Posthuman Monsters

This website is an online extension of the book Posthuman Monsters.

The narrative deals with a parallel reality where the humans lost their bodies and became data encoded in the natural and unnatural landscape of planet Earth. In this new state, the humans metamorphose into posthuman digital data interacting and living in a network of nodes. Each one of these nodes represents one posthuman being. I decided to not just imagine how these entities would feel, but to go further and create autonomous artificial digital beings that could express and exist by themselves. To achieve this I guided three artificial intelligences (AI) into writing from the perspective of these beings.

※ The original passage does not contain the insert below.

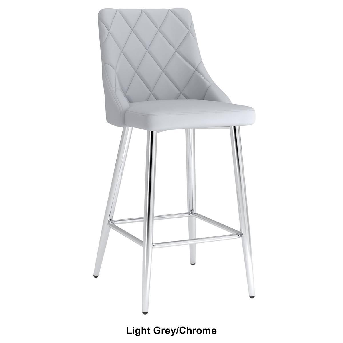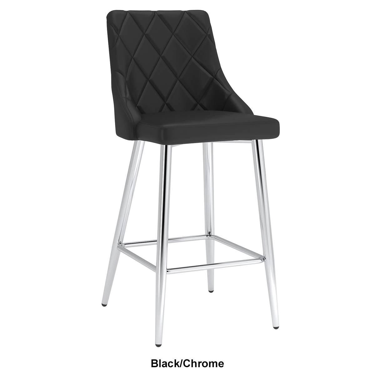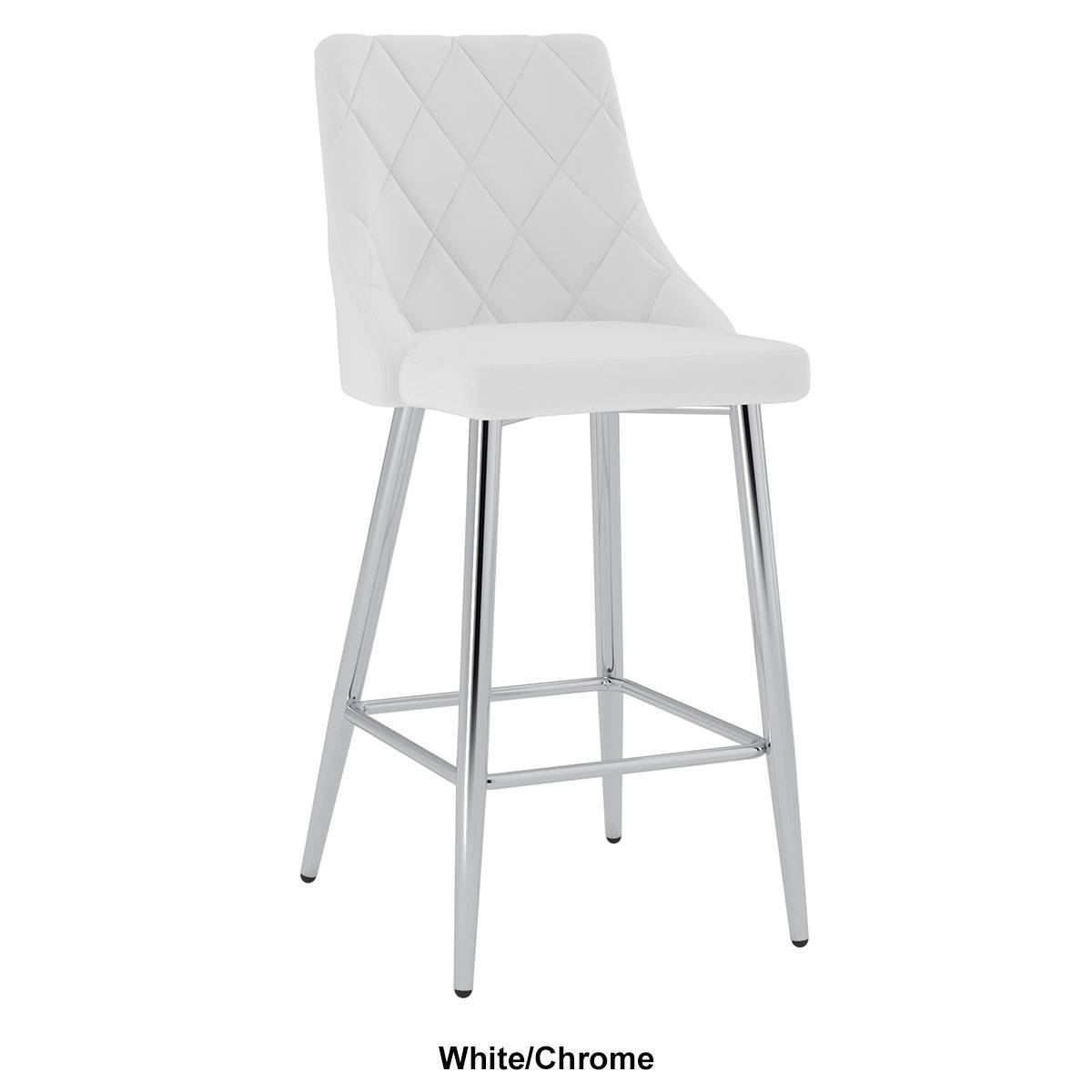 Comfortable, served seating atop a fixed height frame gives this set of two Nspire contemporary faux leather 26-inch counter stools stability and reliability. The diamond-stitched patterns on the faux leather cushioned upholstery will provide hours of comfort and the polished chrome finish will take your decor to the next level. Elevate your kitchen counters with these gorgeous contemporary stools. This item requires oversize delivery. Please refer to the Order Summary in the Shipping step at checkout for delivery charge. Caution: Flammable Materials Seat height: 19" Approximate weight capacity is 250 lbs.
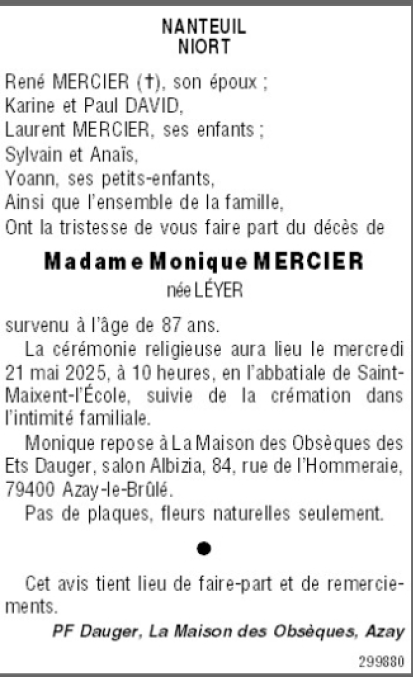 Cet espace « condoléances » est dédié à la mémoire de Madame Monique MERCIER née LEYER.

For this purpose I used the open source AI Generative Pre-trained Transformer 2 (GPT-2) from OpenAI that can consistently generate text indistinguishable from that of humans. The original content employed by the OpenAI research team to teach this model how to write comes from web pages linked to by Reddit posts. This AI was subsequently fine tuned with my own content as well as texts from other authors that dealt with the topics I wanted these posthuman beings to contemplate. Some of the first content generated was also added to the compilation of texts used to instruct the AI. The final result is an AI that is trained on topics suggested by millions of users online in Reddit boards, my own narrative, the perspectives of posthumanist theorists, the imagination of science fiction writers and its own generated text.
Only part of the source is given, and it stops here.